:: INFORMATION SHOWN ::

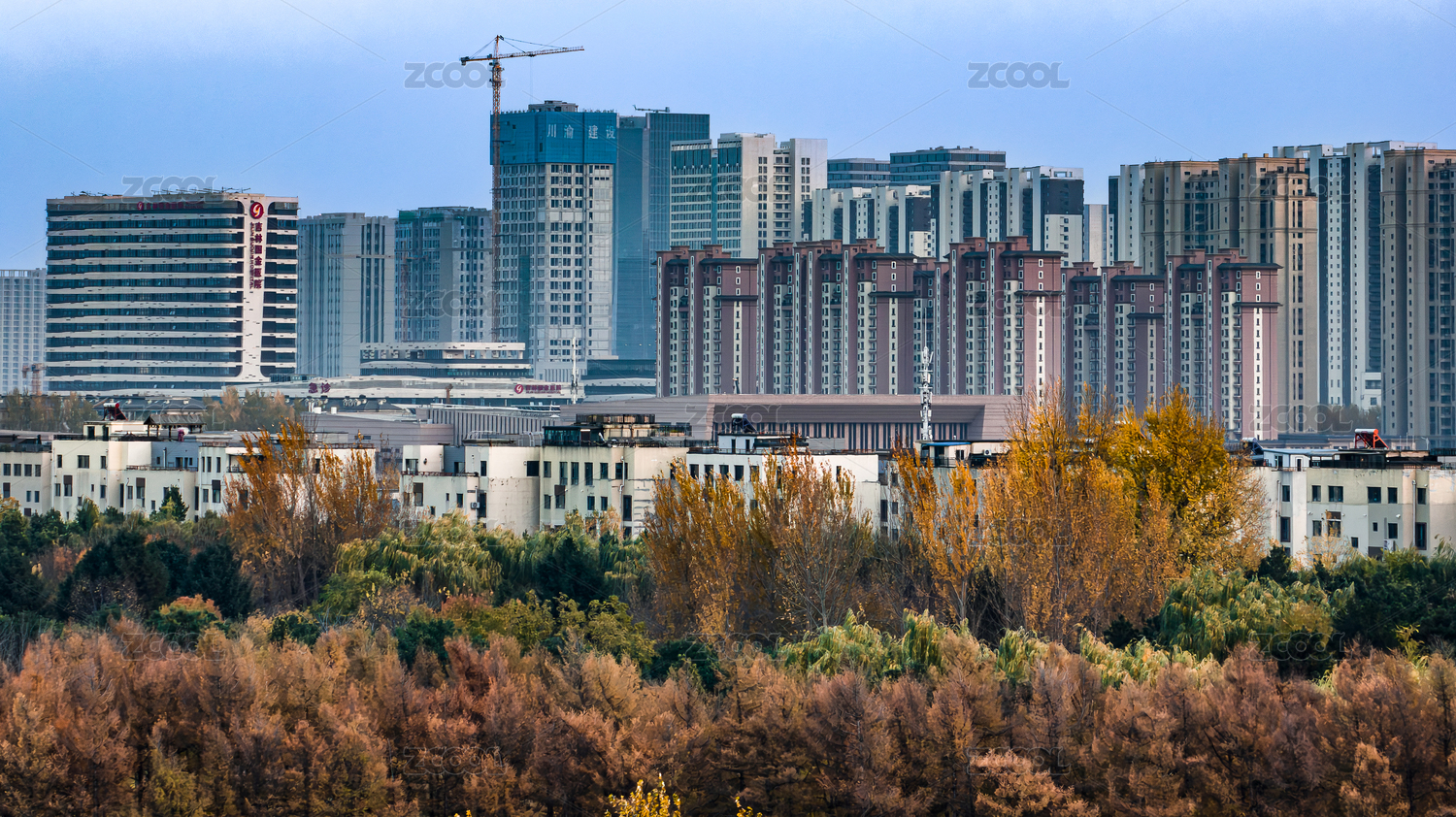 中国新疆乌鲁木齐傍晚时分的摩天大楼群
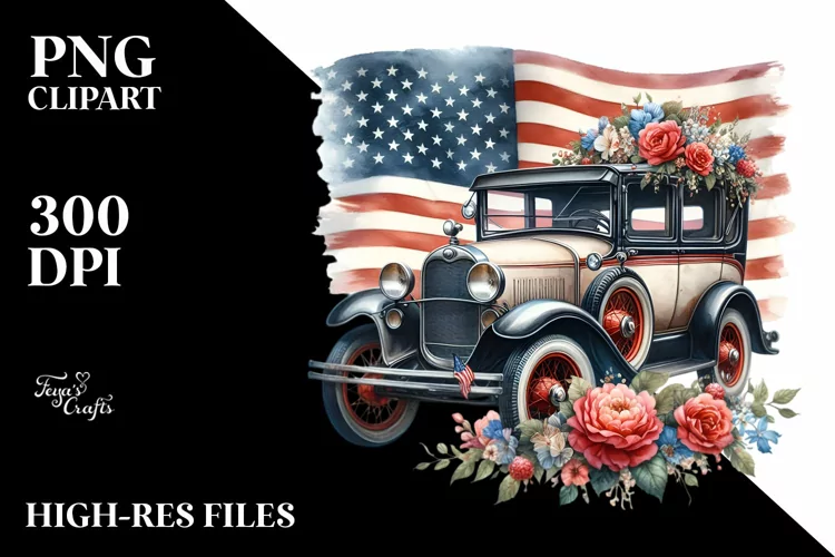 Watercolor Sticker Summer Flower Flowers Background Png Sublimation Usaflag Vintagecar
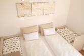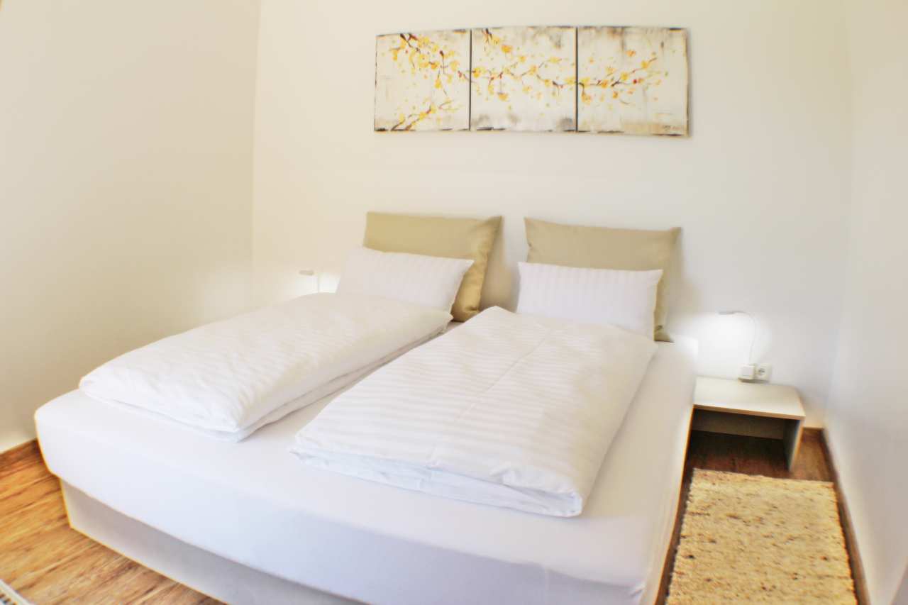 Die Suite hat ein separates Schlafzimmer mit einem großen Doppelbett. An dieses können bis zu zwei Beistellbetten für Kleinkinder (bis 5 Jahre) angebaut werden - das ergibt ein super kuscheliges Familienbett.
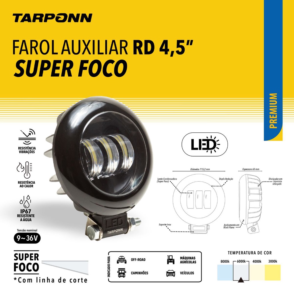 PRODUTO A PRONTA ENTREGA, COM ENVIO IMEDIATO E NOTA FISCAL! Você não precisa escolher entre qualidade e economia. Com um ótimo custo-benefício, o Farol Auxiliar Milha da Linha Premium da Tarponn tem um super foco, iluminação superior e baixo consumo de energia,, sem comprometer a bateria do seu veículo. Acabamento em Black piano é um dos diferenciais do Farol Auxiliar RD 4,5”. Esse acabamento é obtido através de um processo de pintura que utiliza várias camadas de tinta preta brilhante e um polimento cuidadoso, resultando em uma superfície lisa e reflexiva, semelhante ao acabamento de um piano. Esse processo de acabamento agrega valor estético ao produto, tornando-o ainda mais atrativo e sofisticado. CARACTERÍSTICAS: · Vedação Dupla · Suporte Inox · Dissipador em Alumínio Reforçado · Baixo Consumo de Energia · Super foco · Resistência Vibrações · Resistente a Água · Resistência ao Calor FICHA TÉCNICA: · Cor: Branca Fria · Temperatura de Cor: 6000K · Encaixe: Universal · Tensão: 9V a 36V · Lente: Condensadora (Super Foco) · Tipo de LED: CREE · Linha: Premium · Grau de proteção de água: IP67 CONTEÚDO EMBALAGEM: · 1 Farol Auxiliar RD Super Foco Mega GT - Especialista em Acessórios Automotivos e Utilidades Na Mega GT, somos especialistas em Acessórios Automotivos e Utilidades. Buscamos sempre oferecer a melhor opção com preço justo em todas as suas compras. Todos os produtos: • São Produtos Originais • Acompanham Nota Fiscal • Envio em Até 24 Horas • 1 Ano de Garantia DÚVIDAS FREQUENTES: • Os produtos são originais? Sim, todos os nossos produtos são originais e de alta qualidade. • Temos pronta entrega? Sim, todos os nossos produtos estão disponíveis em estoque para envio imediato. Despachamos em até 24 horas. • Emitem nota fiscal? Sim, todos os nossos produtos acompanham nota fiscal, garantindo a sua segurança e a conformidade nas transações comerciais. • Possui garantia? Sim, os nossos produtos Premium possuem garantia de 1 Ano. A sua satisfação é a nossa prioridade. *Imagens meramente ilustrativas

:::

* _WORK TASK_
Reproduce the full listing verbatim so that only the pictures are missing.

* _EXERCISE ANSWER_
 中国新疆乌鲁木齐傍晚时分的摩天大楼群
 Watercolor Sticker Summer Flower Flowers Background Png Sublimation Usaflag Vintagecar
 Die Suite hat ein separates Schlafzimmer mit einem großen Doppelbett. An dieses können bis zu zwei Beistellbetten für Kleinkinder (bis 5 Jahre) angebaut werden - das ergibt ein super kuscheliges Familienbett.
 PRODUTO A PRONTA ENTREGA, COM ENVIO IMEDIATO E NOTA FISCAL! Você não precisa escolher entre qualidade e economia. Com um ótimo custo-benefício, o Farol Auxiliar Milha da Linha Premium da Tarponn tem um super foco, iluminação superior e baixo consumo de energia,, sem comprometer a bateria do seu veículo. Acabamento em Black piano é um dos diferenciais do Farol Auxiliar RD 4,5”. Esse acabamento é obtido através de um processo de pintura que utiliza várias camadas de tinta preta brilhante e um polimento cuidadoso, resultando em uma superfície lisa e reflexiva, semelhante ao acabamento de um piano. Esse processo de acabamento agrega valor estético ao produto, tornando-o ainda mais atrativo e sofisticado. CARACTERÍSTICAS: · Vedação Dupla · Suporte Inox · Dissipador em Alumínio Reforçado · Baixo Consumo de Energia · Super foco · Resistência Vibrações · Resistente a Água · Resistência ao Calor FICHA TÉCNICA: · Cor: Branca Fria · Temperatura de Cor: 6000K · Encaixe: Universal · Tensão: 9V a 36V · Lente: Condensadora (Super Foco) · Tipo de LED: CREE · Linha: Premium · Grau de proteção de água: IP67 CONTEÚDO EMBALAGEM: · 1 Farol Auxiliar RD Super Foco Mega GT - Especialista em Acessórios Automotivos e Utilidades Na Mega GT, somos especialistas em Acessórios Automotivos e Utilidades. Buscamos sempre oferecer a melhor opção com preço justo em todas as suas compras. Todos os produtos: • São Produtos Originais • Acompanham Nota Fiscal • Envio em Até 24 Horas • 1 Ano de Garantia DÚVIDAS FREQUENTES: • Os produtos são originais? Sim, todos os nossos produtos são originais e de alta qualidade. • Temos pronta entrega? Sim, todos os nossos produtos estão disponíveis em estoque para envio imediato. Despachamos em até 24 horas. • Emitem nota fiscal? Sim, todos os nossos produtos acompanham nota fiscal, garantindo a sua segurança e a conformidade nas transações comerciais. • Possui garantia? Sim, os nossos produtos Premium possuem garantia de 1 Ano. A sua satisfação é a nossa prioridade. *Imagens meramente ilustrativas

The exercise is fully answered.